The second lesson is that causal explanations are oversimplifications. This is what makes them useful—they help us grasp the world at a glance. For instance, after watching the short films, people immediately settled on the most straightforward explanation for the ricocheting objects. Although this account felt true, the brain wasn’t seeking the literal truth—it just wanted a plausible story that didn’t contradict observation.

This mental approach to causality is often effective, which is why it’s so deeply embedded in the brain. However, those same shortcuts get us into serious trouble in the modern world when we use our perceptual habits to explain events that we can’t perceive or easily understand. Rather than accept the complexity of a situation—say, that snarl of causal interactions in the cholesterol pathway—we persist in pretending that we’re staring at a blue ball and a red ball bouncing off each other. There’s a fundamental mismatch between how the world works and how we think about the world.

The good news is that, in the centuries since Hume, scientists have mostly managed to work around this mismatch as they’ve continued to discover new cause-and-effect relationships at a blistering pace. This success is largely a tribute to the power of statistical correlation, which has allowed researchers to pirouette around the problem of causation. Though scientists constantly remind themselves that mere correlation is not causation, if a correlation is clear and consistent, then they typically assume a cause has been found—that there really is some invisible association between the measurements.

Researchers have developed an impressive system for testing these correlations. For the most part, they rely on an abstract measure known as statistical significance, invented by English mathematician Ronald Fisher in the 1920s. This test defines a “significant” result as any data point that would be produced by chance less than 5 percent of the time. While a significant result is no guarantee of truth, it’s widely seen as an important indicator of good data, a clue that the correlation is not a coincidence.

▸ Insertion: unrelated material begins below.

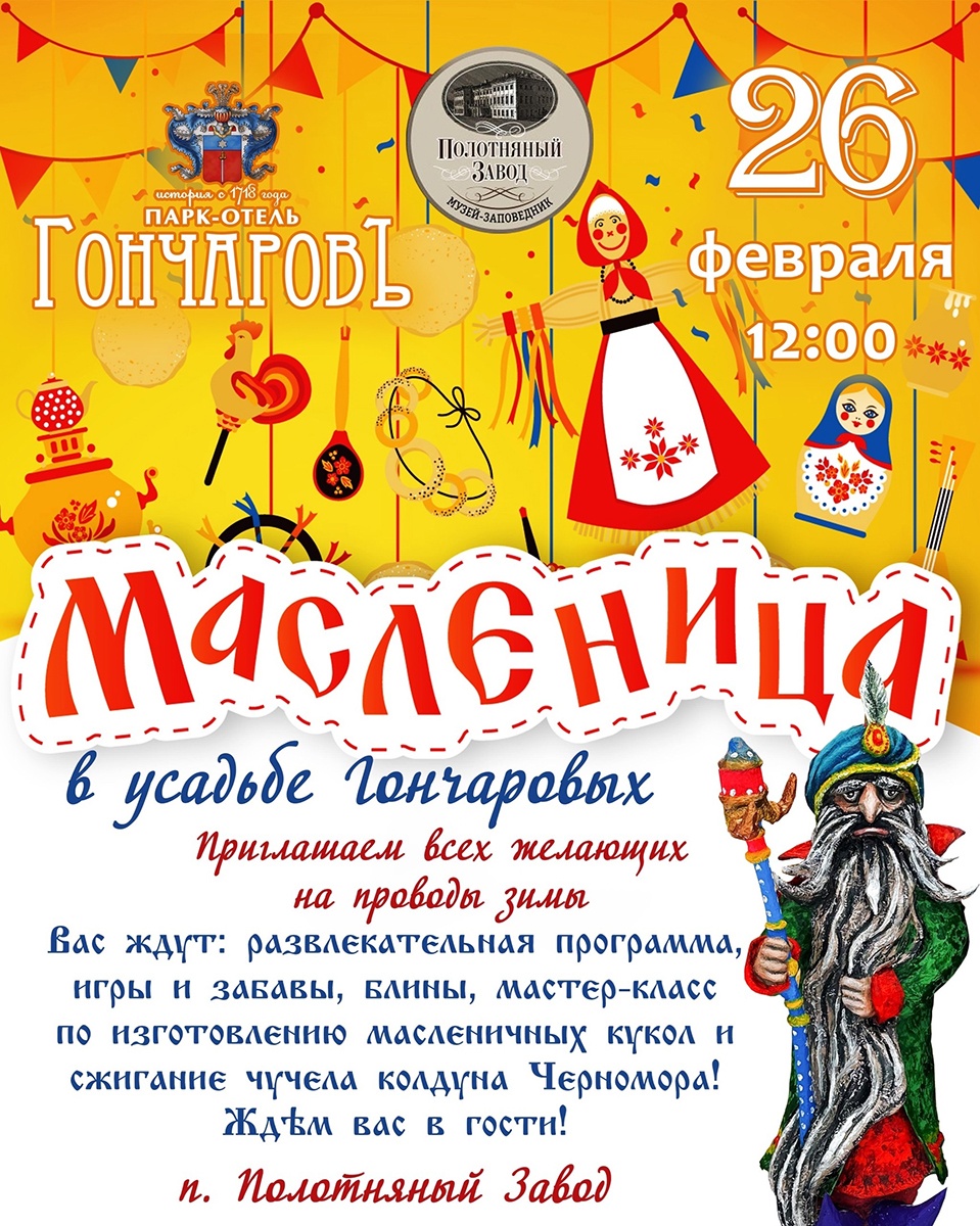 Проводы зимы в Усадьбе Гончаровых состоятся 26 февраля. Начало программы - в 12:00, вас ждут развлекательная программа, игры и забавы, блины, мастер-класс по изготовлению масленичных кукол и сжигание чучела колдуна Черномора! Вход свободный.

But here’s the bad news: The reliance on correlations has entered an age of diminishing returns. At least two major factors contribute to this trend. First, all of the easy causes have been found, which means that scientists are now forced to search for ever-subtler correlations, mining that mountain of facts for the tiniest of associations. Is that a new cause? Or just a statistical mistake? The line is getting finer; science is getting harder. Second—and this is the biggy—searching for correlations is a terrible way of dealing with the primary subject of much modern research: those complex networks at the center of life. While correlations help us track the relationship between independent measurements, such as the link between smoking and cancer, they are much less effective at making sense of systems in which the variables cannot be isolated. Such situations require that we understand every interaction before we can reliably understand any of them. Given the byzantine nature of biology, this can often be a daunting hurdle, requiring that researchers map not only the complete cholesterol pathway but also the ways in which it is plugged into other pathways. (The neglect of these secondary and even tertiary interactions begins to explain the failure of torcetrapib, which had unintended effects on blood pressure. It also helps explain the success of Lipitor, which seems to have a secondary effect of reducing inflammation.) Unfortunately, we often shrug off this dizzying intricacy, searching instead for the simplest of correlations. It’s the cognitive equivalent of bringing a knife to a gunfight.

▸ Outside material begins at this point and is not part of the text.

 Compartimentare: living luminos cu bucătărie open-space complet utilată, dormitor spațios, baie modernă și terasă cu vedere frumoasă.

These troubling trends play out most vividly in the drug industry. Although modern pharmaceuticals are supposed to represent the practical payoff of basic research, the R&D to discover a promising new compound now costs about 100 times more (in inflation-adjusted dollars) than it did in 1950. (It also takes nearly three times as long.) This trend shows no sign of letting up: Industry forecasts suggest that once failures are taken into account, the average cost per approved molecule will top $3.8 billion by 2015. What’s worse, even these “successful” compounds don’t seem to be worth the investment. According to one internal estimate, approximately 85 percent of new prescription drugs approved by European regulators provide little to no new benefit. We are witnessing Moore’s law in reverse.

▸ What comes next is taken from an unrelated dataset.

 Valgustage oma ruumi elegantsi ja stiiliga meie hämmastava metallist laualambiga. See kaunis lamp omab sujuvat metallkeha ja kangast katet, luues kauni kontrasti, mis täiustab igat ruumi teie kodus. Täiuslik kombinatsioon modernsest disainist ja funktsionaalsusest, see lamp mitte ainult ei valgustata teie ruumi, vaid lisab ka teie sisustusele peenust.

This returns us to cholesterol, a compound whose scientific history reflects our tortured relationship with causes. At first, cholesterol was entirely bad; the correlations linked high levels of the substance with plaque. Years later, we realized that there were multiple kinds and that only LDL was bad. Then it became clear that HDL was more important than LDL, at least according to correlational studies and animal models. And now we don’t really know what matters, since raising HDL levels with torcetrapib doesn’t seem to help. Although we’ve mapped every known part of the chemical pathway, the causes that matter are still nowhere to be found. If this is progress, it’s a peculiar kind.

Back pain is an epidemic. The numbers are sobering: There’s an 80 percent chance that, at some point in your life, you’ll suffer from it. At any given time, about 10 percent of Americans are completely incapacitated by their lumbar regions, which is why back pain is the second most frequent reason people seek medical care, after general checkups. And all this treatment is expensive: According to a recent study in The Journal of the American Medical Association, Americans spend nearly $90 billion every year treating back pain, which is roughly equivalent to what we spend on cancer.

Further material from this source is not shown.